The Loire is France’s longest river and the last wild river in Europe. On its meandering 629-mile path
from its headwaters in the Massif Central to its mouth on the Atlantic Coast, the Loire River nurtures a
number of distinct wine regions that defy easy categorization.

The most notable appellations exist in a nearly unbroken chain from Pays Nantais on the Atlantic
Coast to the Central Vineyards of the Upper Loire, which stand at the exact geographical center of
France. The Loire Valley, or Jardin de la France, is a patchwork of agriculture, history, and natural
beauty. It was designated a World Heritage Site in 2000.

Winemaking in the Loire dates to at least the first century CE. Viticulture in Touraine was chronicled in
the sixth century, and Chenin Blanc may have appeared by 845 just south of Angers, although
conclusive evidence of the grape's presence in the Loire Valley does not arrive until the 16th century.
Cabernet Franc also has a long history in the region.

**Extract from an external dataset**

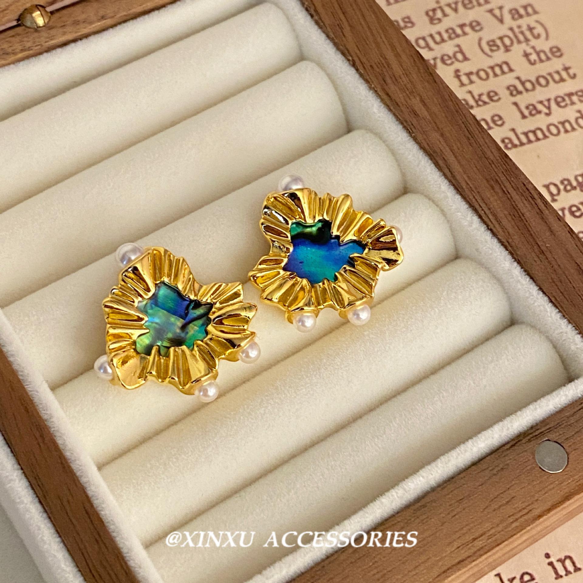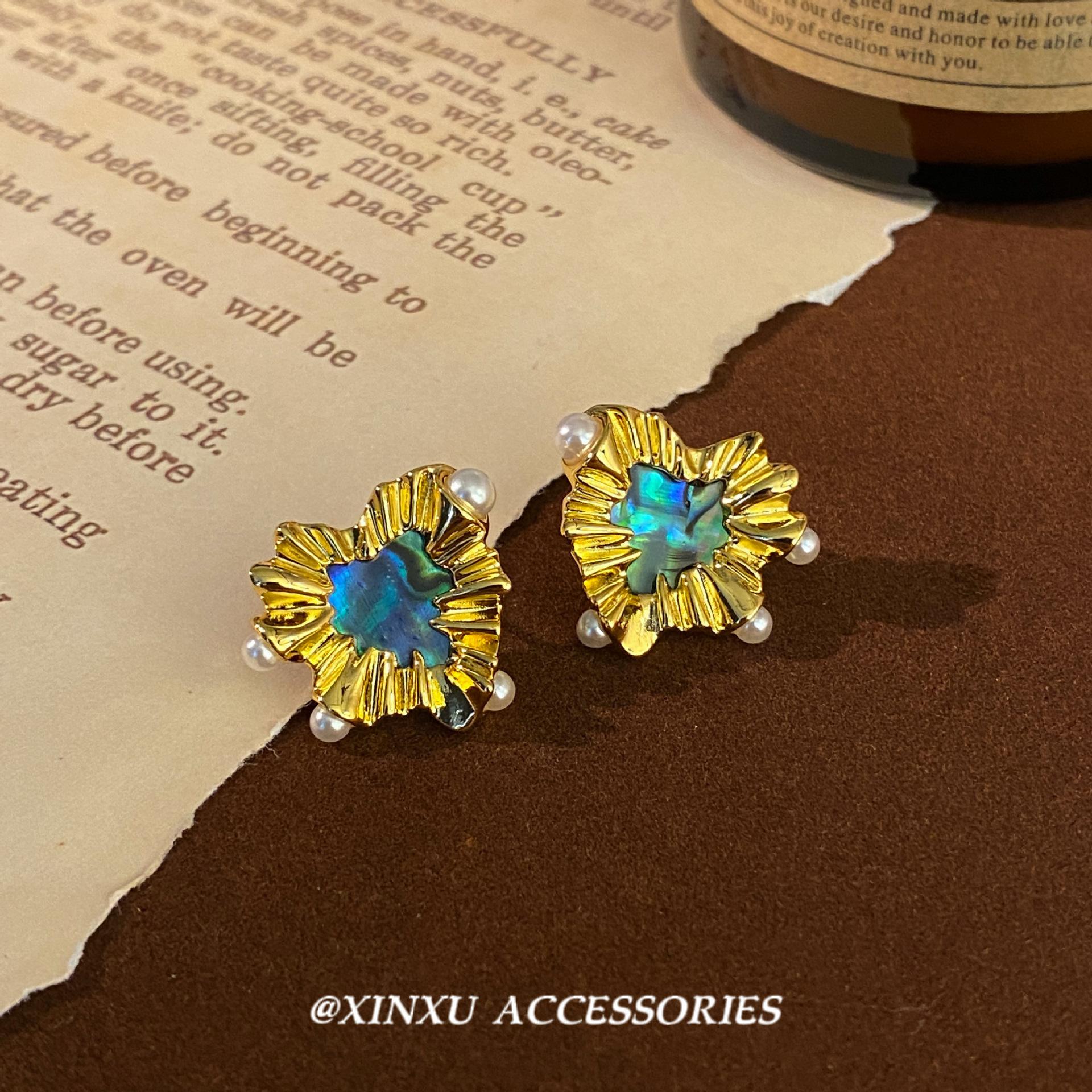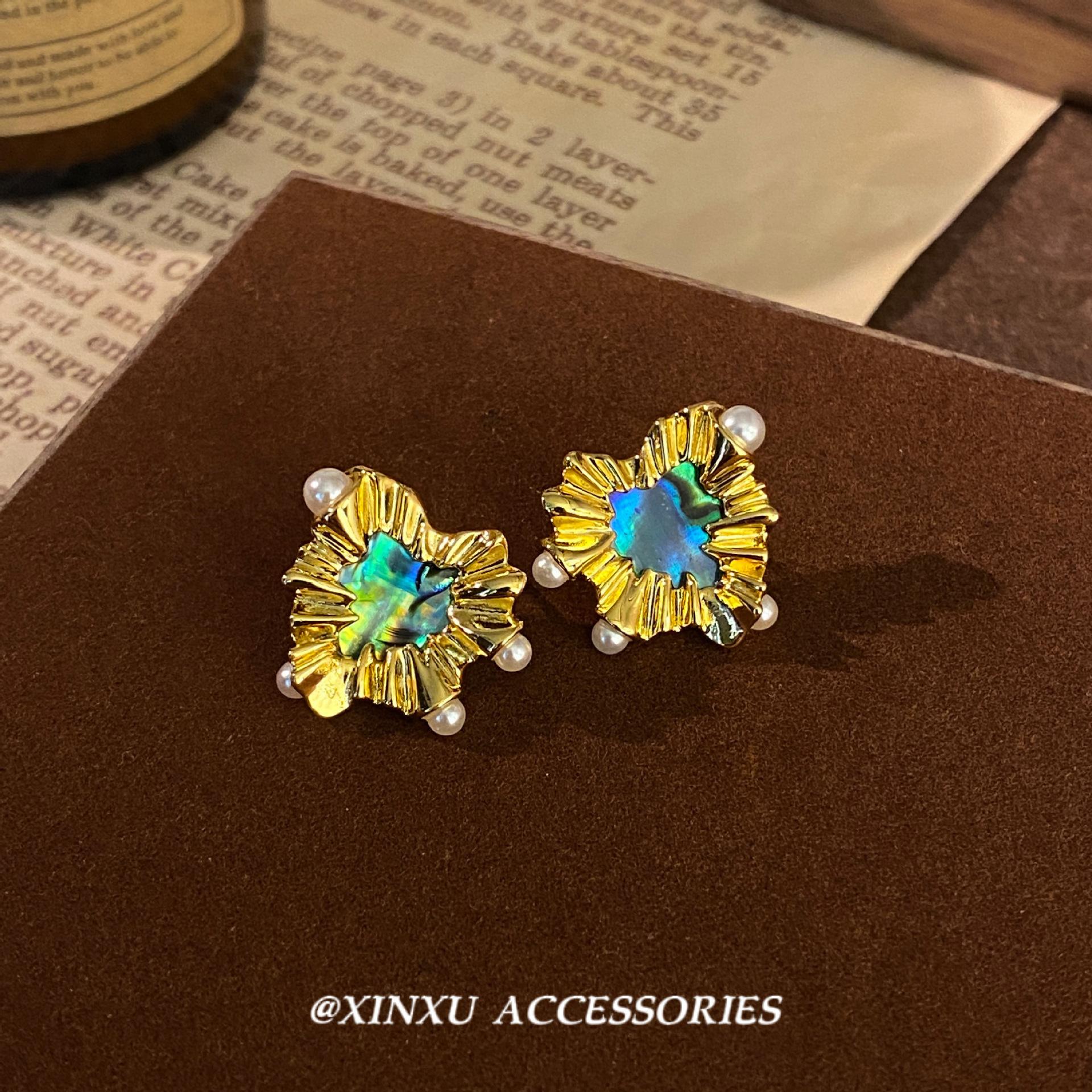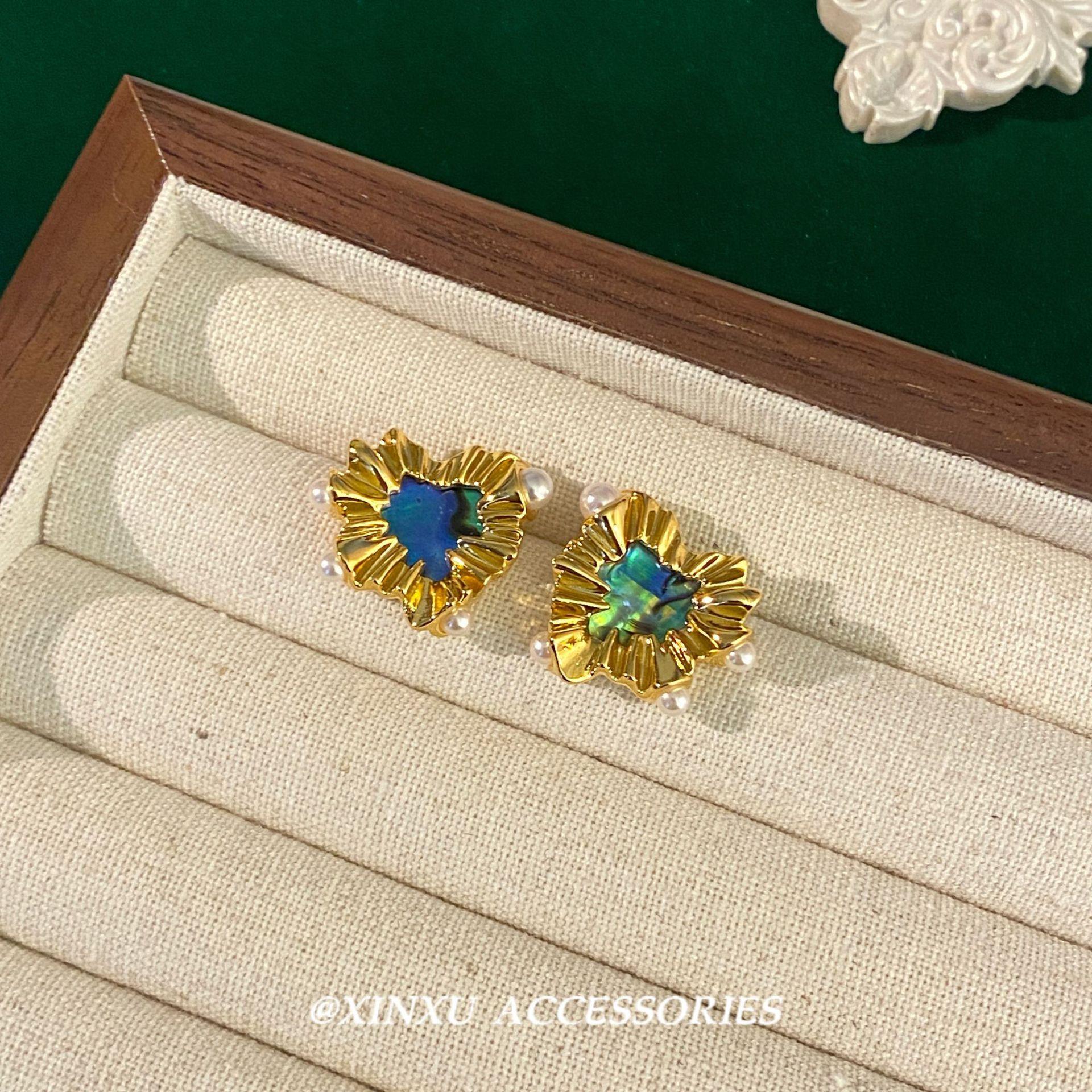 Nuevos pendientes de perlas de amor irregulares de oro, ligeros, de lujo, de alta gama, elegantes, vintage, de nicho, únicos.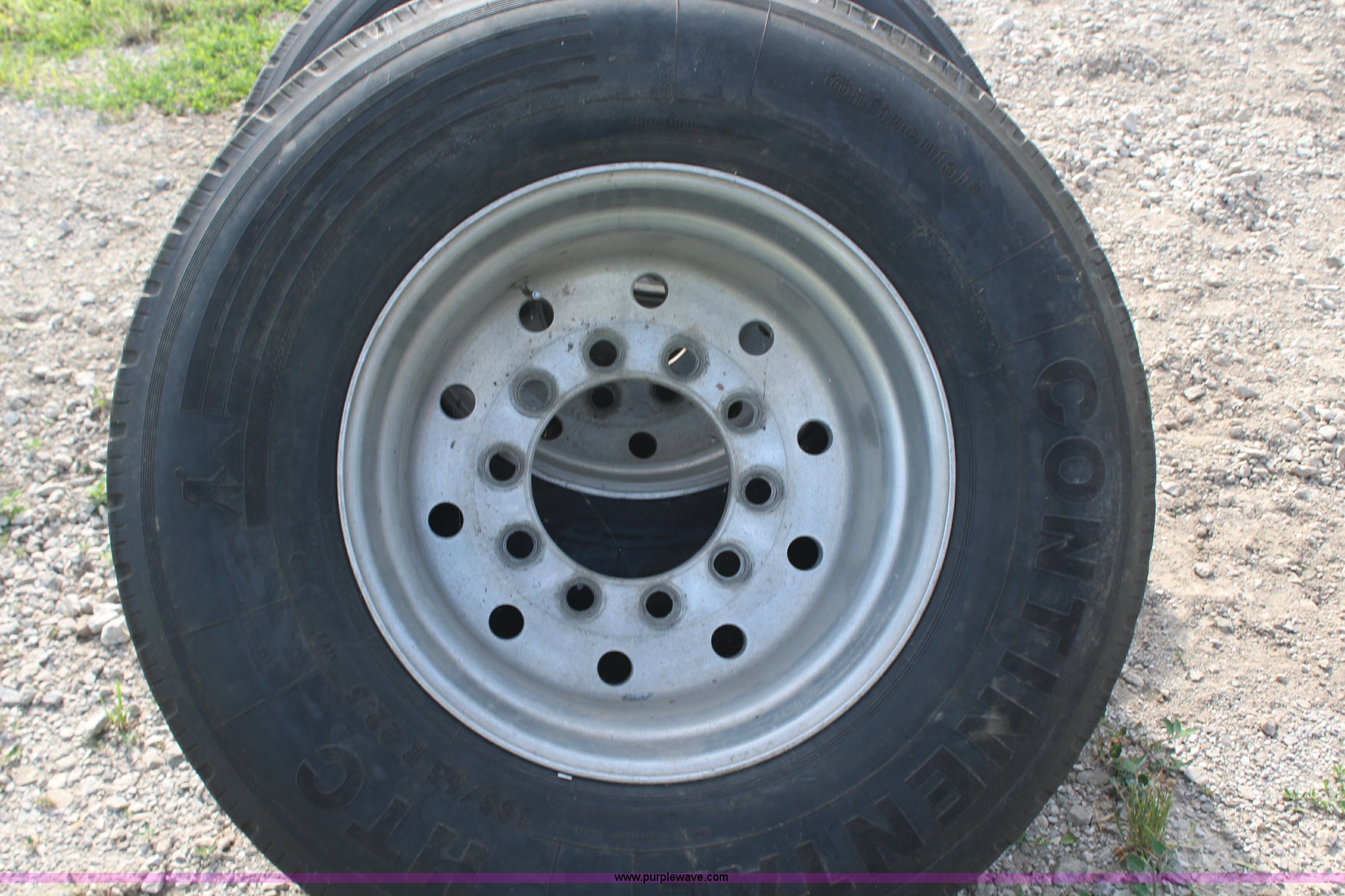 Purple Wave is selling a used Automotive Parts or Acces. in Kansas. This item is a (4) 385/65R22.5 tires and aluminum wheels with the following: Bud style mounting, Lug nuts included

Despite its Basque origin, Cabernet Franc's long
migration to Loire vineyards was confirmed by the French writer François Rabelais in a 1534
publication, and it may have arrived in the region as early as the 11th century. Loire wines have always
been an important commodity in the cafes of Paris, and they were exported via Nantes to England by
the 11th century. The wines of Sancerre, Anjou, and Saint-Pourçain succeeded each other in national
repute during the High and Late Middle Ages, when the Loire Valley was the focus of French society.
This focus shifted with King Louis XIV’s coronation at Reims and his development of Versailles. The
Previewing
pastoral Staged Changes
Loire Valley faded from view as the Industrial Age blossomed and swifter transit brought new
wines to Paris. Crippled by phylloxera in the 1880s and supplanted by the wines of Bordeaux and
others, the Loire Valley was almost forgotten as a viticultural region. As wine enthusiasts are gradually
learning, the Loire today offers an incredible range of food-friendly wines, typically lighter in style but
remarkable for their honesty and charm.

The Loire Valley produces more white wine than any other French region and is second only to
Champagne in sparkling wine production. Chenin Blanc, Sauvignon Blanc, and Melon de Bourgogne
are the classic white varietals for Loire wines. In addition, a host of secondary white regional and
international grapes can be found throughout the valley, including Chardonnay, Orbois (Arbois/Menu
Pineau), Romorantin, Gros Plant (Folle Blanche), and Chasselas.

While the Loire’s white wines can overshadow the reds, the valley is nonetheless an important source
for lighter-bodied, high acid red wines. Cabernet Franc—known locally as Breton—is the most
important varietal, followed by Pinot Noir, Gamay, Cabernet Sauvignon, Malbec (Côt), Pineau d’Aunis,
and Groslot (Grolleau).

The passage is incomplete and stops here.